Over the years, hackers have learned how to steal in-use data from memory. For example, the 2013 breach that exposed data from 70 million customer accounts at retailer Target was accomplished via RAM scraping tools that stole data from random-access memory in point-of-sale systems.
The challenge of protecting data in use becomes even more imperative in a computing architecture like that of The Machine, where data is almost always in use. Labs is pursuing several solutions to this problem.
In one technique, Memory Speed Encryption, a unique encryption key protects each part of a computer’s memory. Here again, Labs deploys an execution environment separate from the main computer.
As data is written to a particular node, this separate environment generates a unique cryptographic “seed” that it sends to the node via a secure communications channel. In each node, a memory control unit uses this seed to generate an encryption key.
As a result, the system can encrypt the data as it’s being written. The key is then stored in a separate but associated segment of secure volatile memory, and erased from the control unit.

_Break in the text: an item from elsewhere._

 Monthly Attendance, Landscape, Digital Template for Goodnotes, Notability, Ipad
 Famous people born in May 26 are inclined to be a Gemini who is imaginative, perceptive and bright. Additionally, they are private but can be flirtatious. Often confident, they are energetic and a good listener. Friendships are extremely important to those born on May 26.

The Machine’s fast-access nonvolatile memory, coupled with a hardware-based encryption approach, dramatically increases performance, making rapid encryption and decryption of in-use data practical. As a result, if a hacker were able to access the memory—whether by RAM scraping or even by physically stealing the unit on which it’s stored—he would be unable to read the data.
“People have tried doing this before, but nobody has done this at the scale and the speed that we’re trying to do it at,” says Fraser Dickin, a senior researcher at Labs.
Labs is exploring other ways to secure computers, including firewall programming technologies and techniques to ensure the integrity of messaging between system components. These defenses provide security at every level of the stack and promise to keep hackers at bay.